* Assignment: Will you output all of the data below exactly, omitting the images?

* Exercise data:

▼

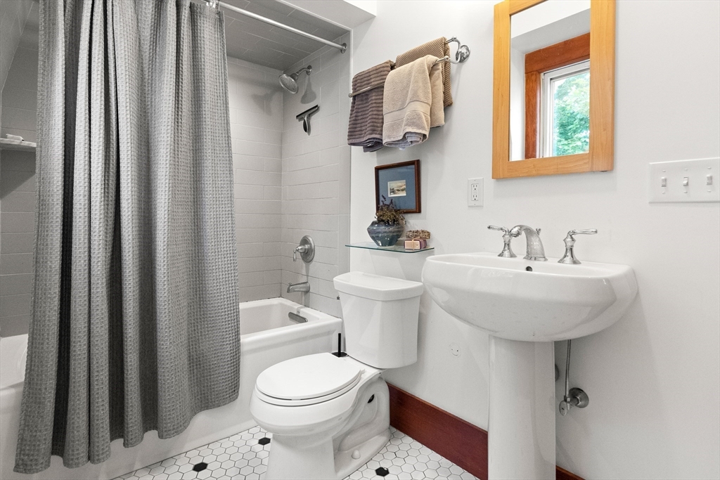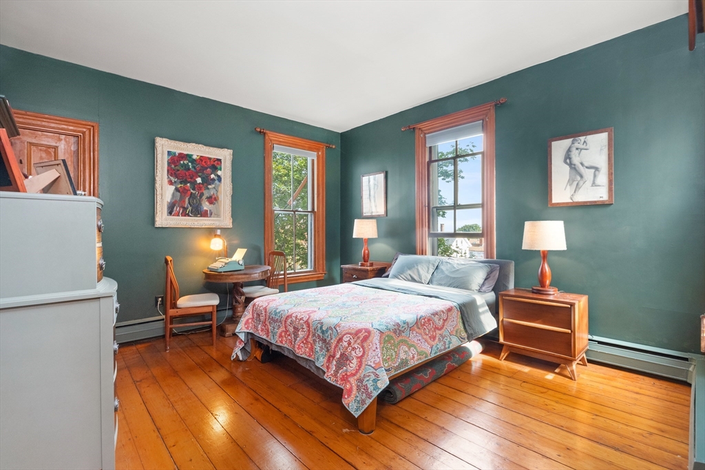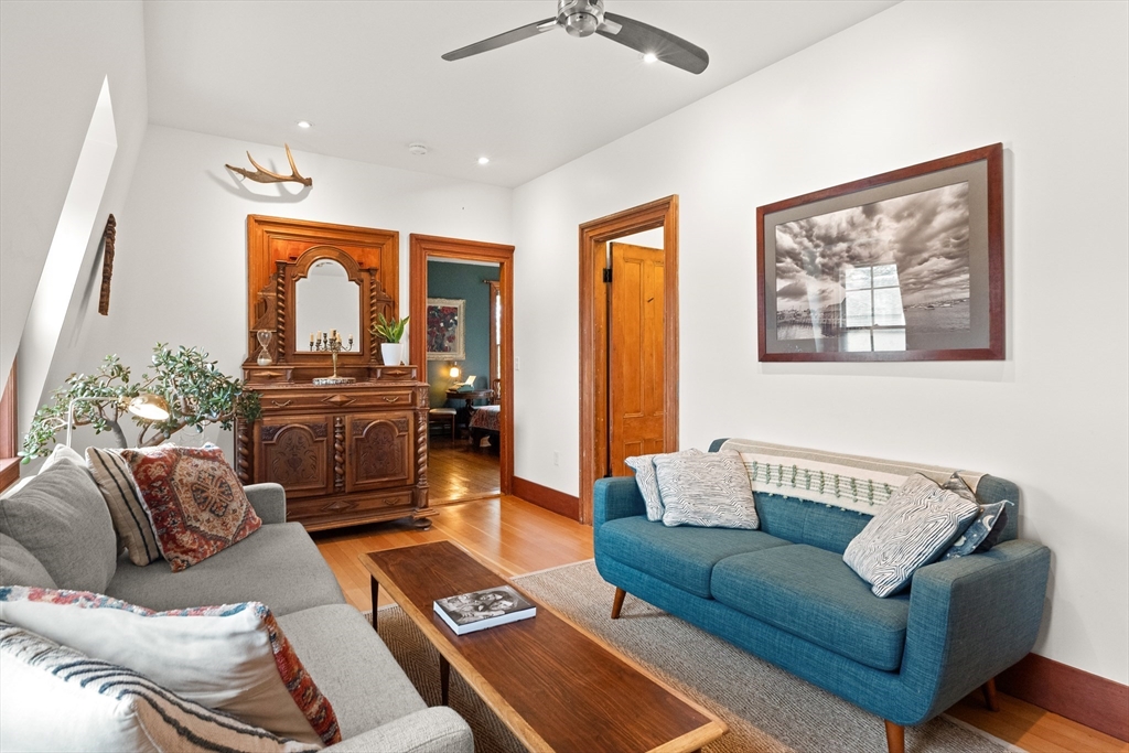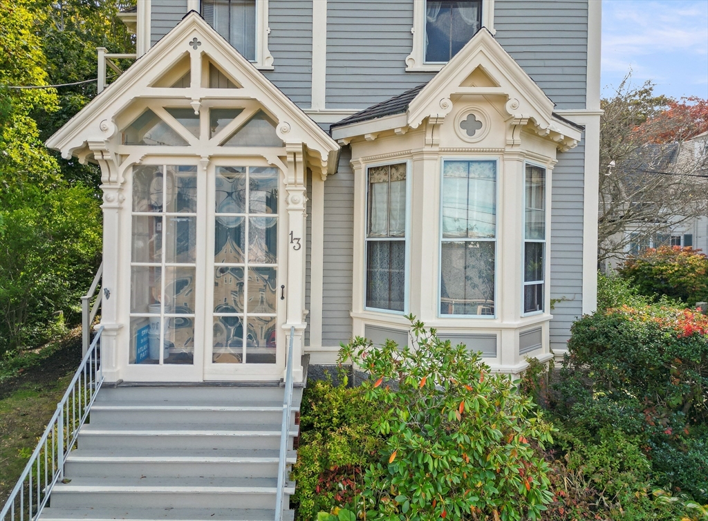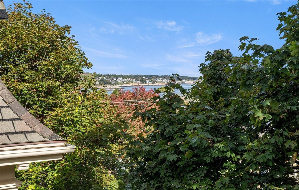 Iconic Queen Ann Victorian, converted into condos in 1995, has commanding views of Rockport Village and Sandy Bay. This second level unit features large oversized windows offering tons of natural light, beautiful wood flooring, original period details and soaring ceilings. The kitchen has been recently renovated with wood countertops and new stainless steel appliances and has a room for a breakfast bar or small table. The living room has wonderful natural lighting and beautiful hardwood floors. The bedroom is very spacious with a sizable closet. The full bath has been updated with a tiled bath and floor. This unit has its own private deck and access to a common third floor roof top deck with seasonal distant water views. The property is on a sizable lot with lots of yard space for relaxing or gardens. The exterior garden shed is shared by the association.Parking for 1 cars. You cannot beat the location! Only 1/2 mile to Rockport Village shops, restaurants & beaches. Don't miss out!
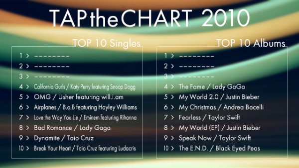 「TAP the CHART」第49回は、2010年を取り上げます。まずはシングルとアルバムの年間チャートTOP 10から。
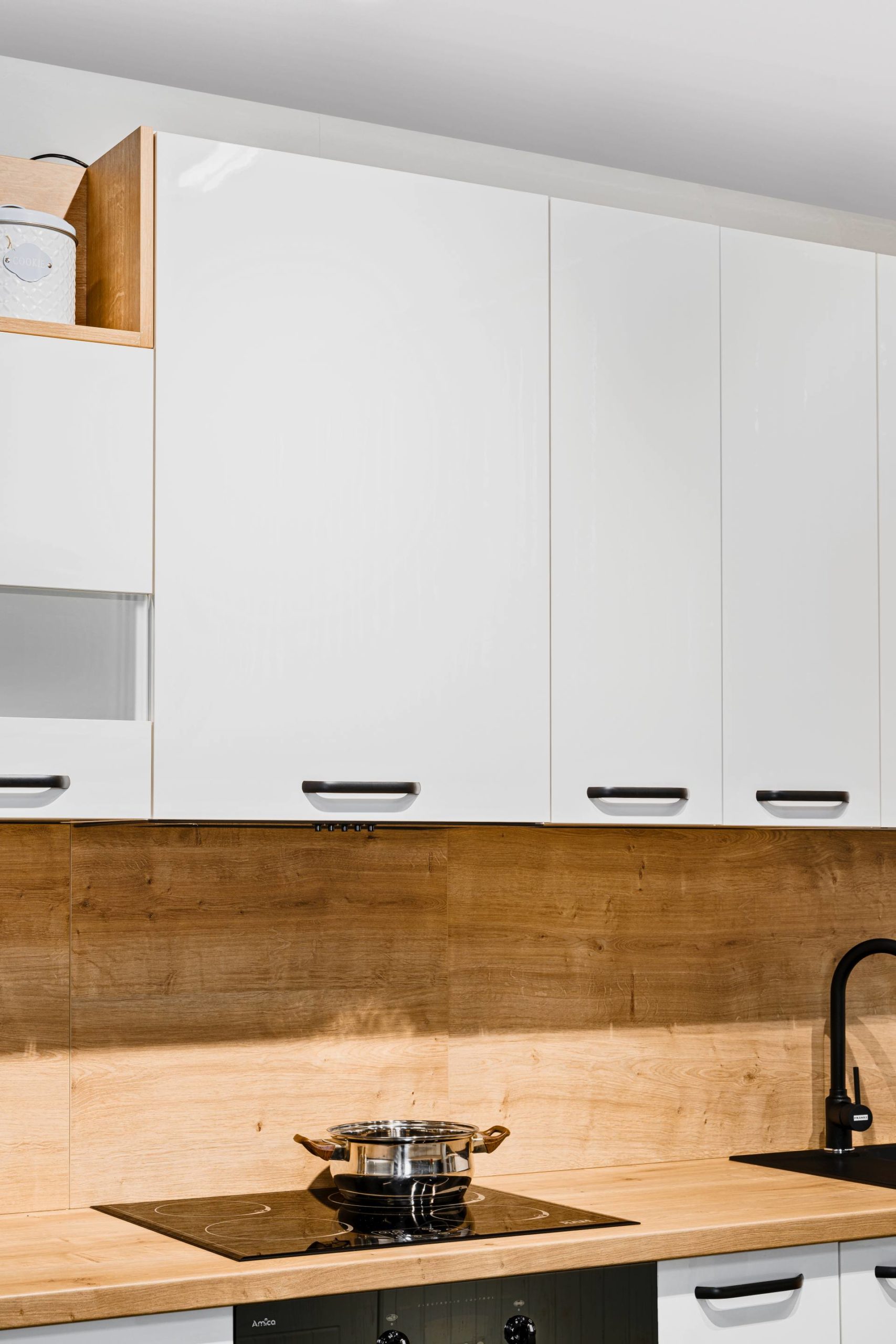 Urządzenie małej kuchni jest nie lada wyzwaniem. Wymaga dobrze przemyślanych decyzji i praktycznych rozwiązań, które pozwolą optymalnie ją zabudować i wyposażyć. Pomysły na aranżację muszą iść w parze z rozsądnym zagospodarowaniem przestrzeni, jaką dysponujemy. Kiedy liczy się każdy centymetr, trzeba efektywnie go spożytkować. Gdzie szukać dodatkowego miejsca, którego tak bardzo brakuje we wnętrzach o niewielkim metrażu ? Najpierw pod sufitem. To całkiem spory zapas powierzchni do przechowywania. Dzięki szafkom do wysokości sufitu nie marnujemy miejsca, ponieważ zabudowując ścianę nie tylko w szerz, ale i na wysokość, wykorzystujemy cały dostępny potencjał. Dodatkowy bonus takiego rozwiązania? Zabudowa do wysokości sufitu nie tylko więcej pomieści, ale prezentuje się atrakcyjnie wizualnie.

▲

* Exercise solution:
 Iconic Queen Ann Victorian, converted into condos in 1995, has commanding views of Rockport Village and Sandy Bay. This second level unit features large oversized windows offering tons of natural light, beautiful wood flooring, original period details and soaring ceilings. The kitchen has been recently renovated with wood countertops and new stainless steel appliances and has a room for a breakfast bar or small table. The living room has wonderful natural lighting and beautiful hardwood floors. The bedroom is very spacious with a sizable closet. The full bath has been updated with a tiled bath and floor. This unit has its own private deck and access to a common third floor roof top deck with seasonal distant water views. The property is on a sizable lot with lots of yard space for relaxing or gardens. The exterior garden shed is shared by the association.Parking for 1 cars. You cannot beat the location! Only 1/2 mile to Rockport Village shops, restaurants & beaches. Don't miss out!
 「TAP the CHART」第49回は、2010年を取り上げます。まずはシングルとアルバムの年間チャートTOP 10から。
 Urządzenie małej kuchni jest nie lada wyzwaniem. Wymaga dobrze przemyślanych decyzji i praktycznych rozwiązań, które pozwolą optymalnie ją zabudować i wyposażyć. Pomysły na aranżację muszą iść w parze z rozsądnym zagospodarowaniem przestrzeni, jaką dysponujemy. Kiedy liczy się każdy centymetr, trzeba efektywnie go spożytkować. Gdzie szukać dodatkowego miejsca, którego tak bardzo brakuje we wnętrzach o niewielkim metrażu ? Najpierw pod sufitem. To całkiem spory zapas powierzchni do przechowywania. Dzięki szafkom do wysokości sufitu nie marnujemy miejsca, ponieważ zabudowując ścianę nie tylko w szerz, ale i na wysokość, wykorzystujemy cały dostępny potencjał. Dodatkowy bonus takiego rozwiązania? Zabudowa do wysokości sufitu nie tylko więcej pomieści, ale prezentuje się atrakcyjnie wizualnie.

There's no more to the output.